Friday, July 16, 2010

Things White Authors Like To Do: Call For Comfort

Sandra Modell,

The word you are avoiding mentioning in your journal (including keeping out of comments), the word that upset a fellow Clarion West workshop attendee, the word you are claiming you had no idea could trigger such upset - is NIGGER TOES.

And you're claiming White Woman Tears for that??!

Talking about how: "A confused reader is an antagonistic reader." Call it a hunch, but I'm fairly certain Ursula Le Guin would be just a little bit appalled to see a quote of hers used to distract away from a critical point of media representation for minorities by a writer so encased in privilege that she, (you), could claim you stand outside your own society and are not caught up in stereotypes - because somehow, you alone have the power to save the universe not pay attention to them.
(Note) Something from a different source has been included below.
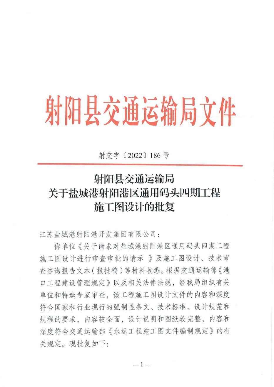 8月30日,鹽城港射陽(yáng)港區(qū)通用碼頭四期工程項(xiàng)目初步設(shè)計(jì)和施工圖設(shè)計(jì)取得正式批復(fù)。至此,該項(xiàng)目已完成所有前期手續(xù),為項(xiàng)目的正式開(kāi)工奠定了堅(jiān)實(shí)的基礎(chǔ)。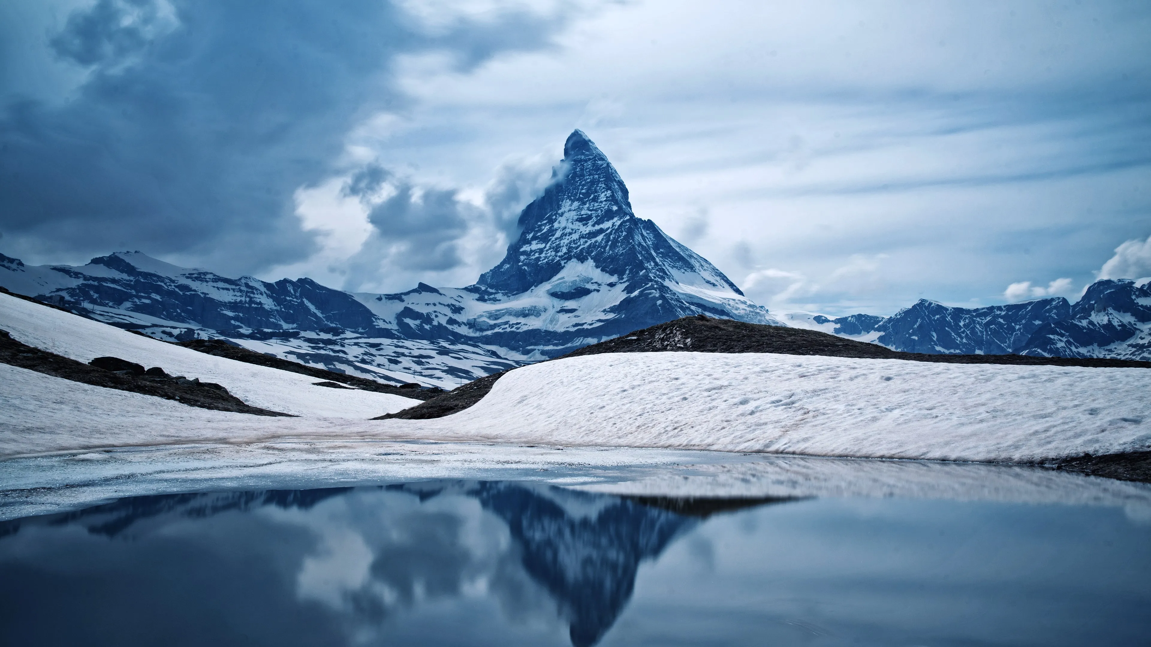 自然 景观 山脉 天空 云 冬季 雪 水 湖泊 岩石 4K壁纸

"I wasn’t going to give anyone the satisfaction of driving me away." - you say in the same post in which you mention someone so upset by your written word that they were crying and stammering. But YOU are the victim. YOU are the one made to feel SMALL, because someone pointed out your words, were incredibly racist.

You also claim "I’m not ashamed of what I wrote. I can see why it upset people, but I’m not ashamed."

So apparently you're yet another recruit to keeping the SFF genre so disgusting, ismist and self satisfied no minorities will want anything to do with it. Well that's one way to keep it 'pure' I'm sure.

PS: The real victim in all this is NOT the story. The story wasn't reduced to tears and anger at yet another set of stereotypes, animalistic stereotypes, about itself and similar others. The story didn't sit in that workshop and hear itself casually slurred. The story didn't get called confused and antagonistic aka 'emotional angry black woman/person'. The story didn't have you judging it.

You admit right off you LIKE your story. You called the woman who pointed out how hurtful it was 'the one who set off the powder keg'.